HEAT AERODYNAMIC EFFICIENCY OF HEATING SURFACES FOR COOLING OF ELECTRONIC DEVICE ELEMENTS

Abstract


 
 
 In the article a comparative analysis of the thermal aerodynamic efficiency of small-sized heat-exchange surfaces (radiators) with different types of fins under conditions of forced convection is carried out. In this article are descried surfaces with plate finning, plate-split finning, needle-pin finning and mesh-wire. The compared surfaces have approximately the same overall dimensions, the fins are placed on a flat basis with a size of 70x70 mm, and the height of the fins is 35 mm. The dissipated thermal power and cooling flow velocity vary, respectively,
 
 
 
 from 20 to 80 W and from 1,5 to 10 m/s, and the aerodynamic drag change from 5 to 75 Pa. Surfaces with plate and plate-cut fins with step between fins 6,9 mm; 5,0 mm; 2,5 mm, fin thickness 1,4 mm; 0,55mm, cutting depth of the fin 14 mm; 21 mm; 28mm and the angles of rotation of the sections of edges to the incoming stream 30° and 45° were investigated. The following performance criteria are used: surface overheating temperature relative to the ambient temperature and complex parameter αпр·Y, which takes into account the geometric and thermo physical characteristics of the surfaces. Comparative analysis showed that incomplete cutting of the plate fins and rotation of their parts at a certain angle to the cooling flow leads to an increase in thermodynamic efficiency. The highest thermal efficiency among the plate-cut surfaces is the surface with relative cutting depth hc/h = 0,6, without rotation of the sections of edges (j = 0 °), the step between the edges s = 2,5 mm and the thickness of the edges δ = 0,55 mm. Its efficiency is (20 - 35) % higher than that of a smooth-finned surface with parameters hc/h = 0; j= 0, s = 2,5 mm, δ = 0,55 mm.

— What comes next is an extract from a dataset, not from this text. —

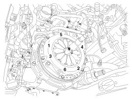 - Loosely tighten every clutch cover bolts, then torque to specifications in a diagonal direction. This can prevent twisting, vibration of the cover, and the lifting of the pressure plate.

Compared to plate-cut surfaces having other finning parameters, their efficiency is on average higher by (50 - 65) %. The needle-surface surface is slightly higher than the plate-fined surface with s = 6,9 mm, δ = 1,4 mm and s = 5,0 mm, δ = 0,55 mm, however, lower by (15 - 25) % plate- cutting surfaces having an intercostal step of 6,9 mm and 5,0 mm, fin thicknesses of 1,4 mm and 0,55 mm, angles of rotation 30°, 45° and depth of cut 14 mm; 21 mm; 28 mm. The worst results in thermodynamic efficiency showed a mesh surface.